Although Frankie was friends to most of the "guys" especially the Godfather, Andy and I were totally innocent about the life style of the mob.  We were like Dorothy in the land of Oz, it was definitely not Kansas anymore, Toto. 
Normally I dine for free on this story alone with all its details, but here I abbreviate.  If we are ever together for an evening and I am free to tell the whole true story with details, it is quite jaw dropping, and I have to admit that I tell it very well.
Cutting to the chase, hours after our performance Andy and I find ourselves with the Godfather, Frankie and several others  at a club near the edge of town.  Frankie leaves with "friends", the Godfather calls it a night but Andy and I are still partying.  The Godfather says good evening, and leaves his driver/body guard and limo for us to get back to our hotel when we are ready.  I remember distinctly he told the uni-neck driver, "Stay with them and take them any place they want to go." 
We stayed about an hour more and decided it was time to go back to the hotel. The driver pulled the car around, we got in, and the burly driver said, "Where too, Gentlemen?"  In that distinctive southern drawl Andy looked at me and said, "Well, Jaaay, the Godfather said for him to take us where ever we wanted to go didn't he?" I said, "I believe so, Andy,"  
"Well, I know this nice little after hours place at Fifth and Fifty-Fifth in Manhattan, why don't we go there and have a drink." I smiled in the knowledge that we were half a days drive from NYC, but with the same drawl, Andy turned to the driver and said, "Fifth and Fifty- Fifth, New York City."

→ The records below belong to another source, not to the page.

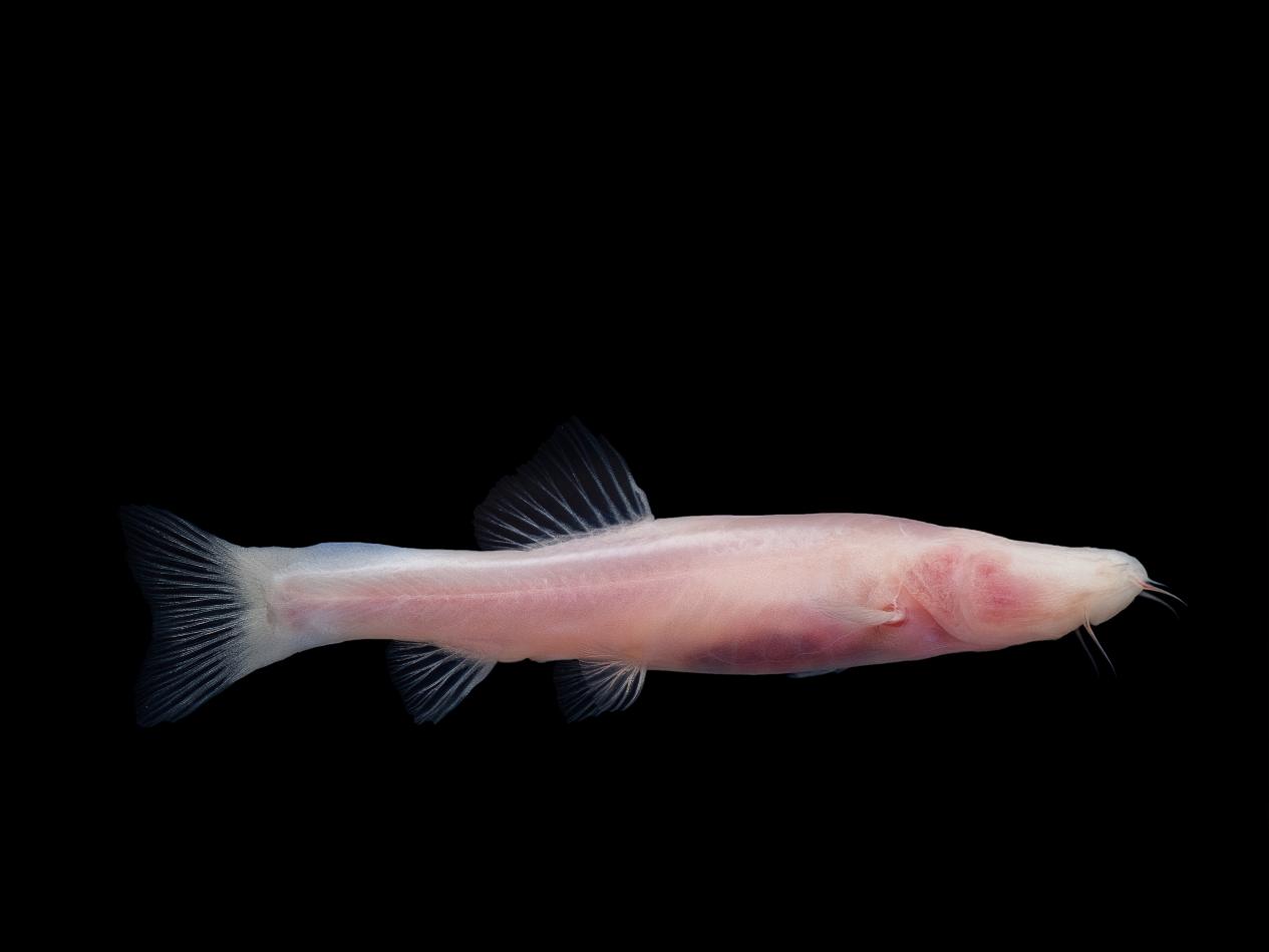 据介绍,“龙州中华喀鳅”是一种栖息于洞穴地下河中的盲鱼,眼睛已彻底消失或仅残存一个细小的眼点,晶状体已缺失。体表色素消失,通体呈半透明,可以看到内脏团;体鳞退化,体表光滑。口须短,胸鳍较长,尾柄上、下均具有发达的尾鳍褶。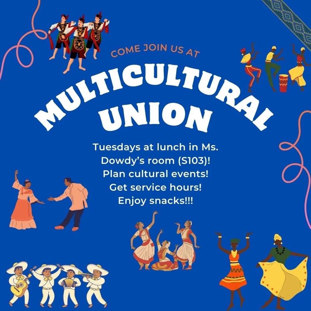 | Join the Multicultural Union (MCU) for a good time, snacks, and event planning! Get service hours too. MCU meets Tuesdays at lunch in Ms. Dowdy's (S103). Graphic c/o and follow @ballardmulticulturalunion | | |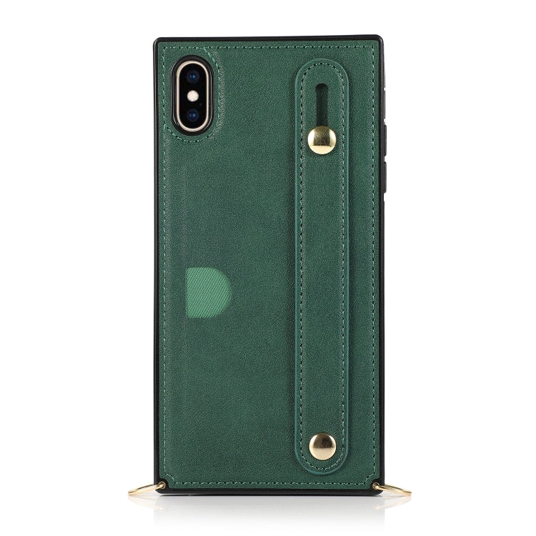 Correa para la Muñeca Pu + TPU Estuche Protector para iPhone Xs Max a Prueba de Golpes con Cordón Cruzado Soporte y Ranura para Tarjeta (Verde)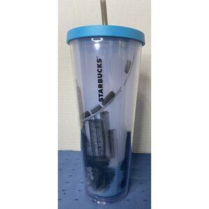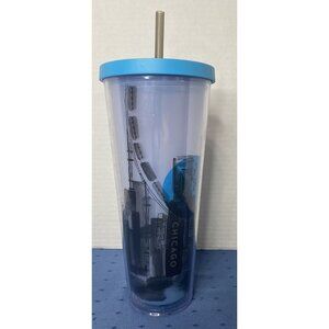 Starbucks 2014 Chicago Illinois Skyline Venti Cold Cup Tumbler Lid & Straw 24 oz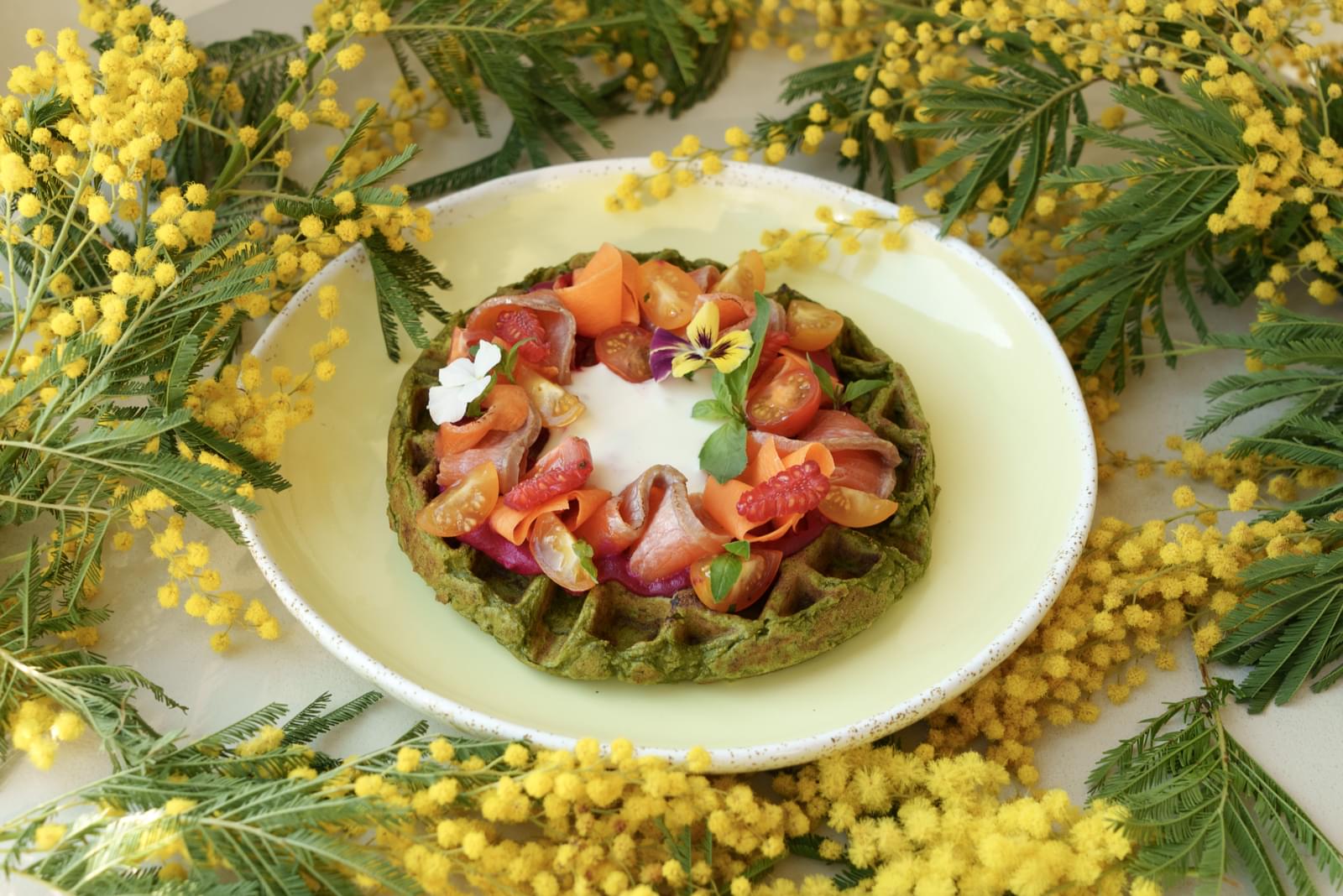 Каждый месяц в ЖÖН появляется «вафля месяца» — сезонный special, отражающий сезонные краски. В марте это «Весенний букет» — шпинатная вафля с опалённым лососем, спелой малиной и кремом сулугуни.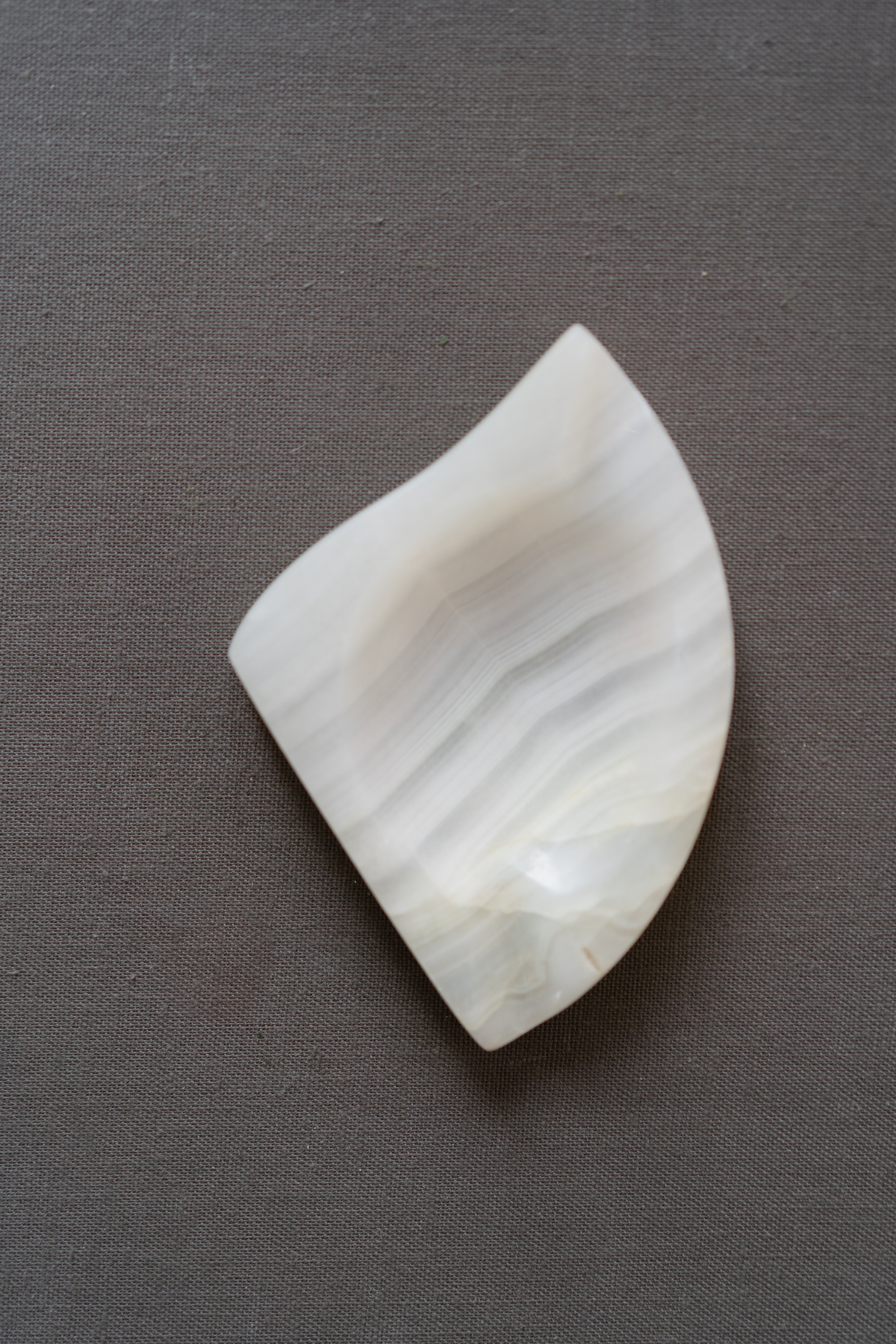 Vintage ashtray crafted from white banded stone, featuring an organic wedge shape and striped banding.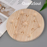 Celestial Wooden Crystal Ball Stand - Sacred Geometry Display for Crystals
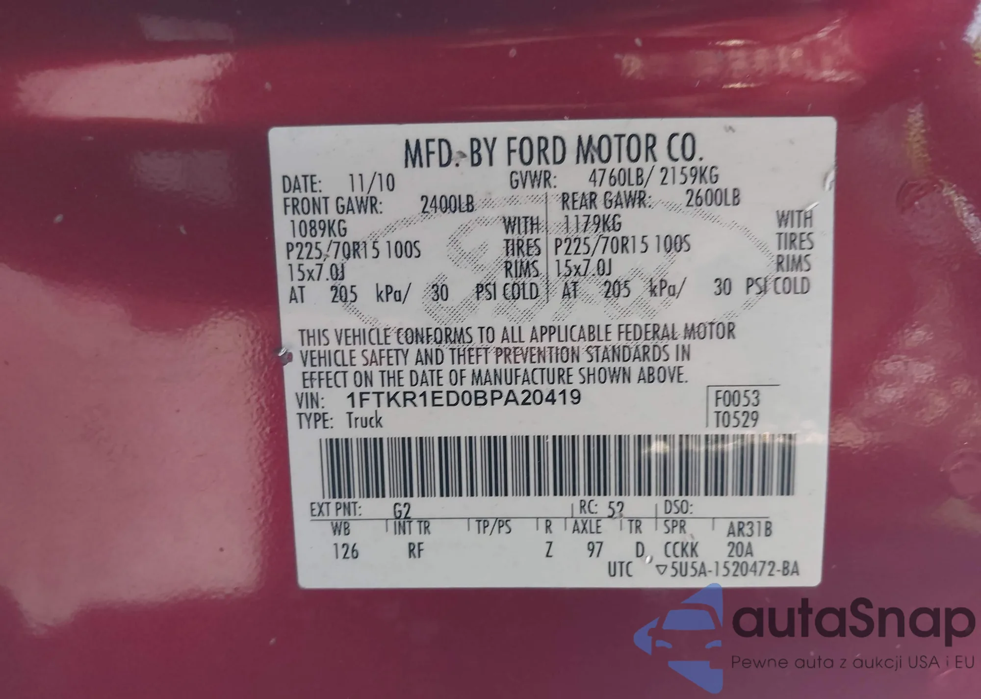VIN: 1FTKR1ED0BPA20419

The driver smiled and raised the divider between us and him and the car sped off.  
In hushed tones Andy and I compared notes about the evening.  "Did you feel the gun under that guys coat when he hugged us?"  "Did you see how the Godfather had two fingers missing and smoked his cigar with the other three?" "Who was that girl that Frankie was with?"  We both giggled like two teenagers after seeing their first porno movie. 
We got deep into conversation, there was wine in the Limo, we popped the cork and we were having a great time.  But after awhile we realized that we were not back at the hotel.  As we remembered, it was only a 30 minute drive to get from the hotel to the club we just left. What's more we were driving in the middle of open country side, there was no town anywhere to be seen.  
I remembered all those gangster movies where guys would be wined and dined and then driven to some isolated location never to be heard of again.  I could see the same thought running through Andy's eyes as well.  Andy lowered the divider and said to the driver, "Uh, where is it that you are taking us?"
The driver didn't look back, he just said, "Fifth and Fifty-fifth... Manhattan."  Andy said, "Oh no that was just a joke, we need to go back to the hotel."  Without comment, complaint, or even acknowledgement the driver slowed down, maneuvered a U-turn in the black stretch Lincoln and in an hour we were back at the hotel.
That adventure sealed the bond between me and Andy, we would speak of this moment many times after and giggle to ourselves.  It is the way I remember my friend Andy Griffith.  
There were those who experienced a different side of the man, an angry aggressive side.  I never did, and found the stories I heard about that side of him hard to believe based on personal experience.  I have not seen him since his  Matlock days.  I am grateful that he was willing to show me the ropes and set me on my own path.  I will miss my friend and wish him a wonderful eternal rest.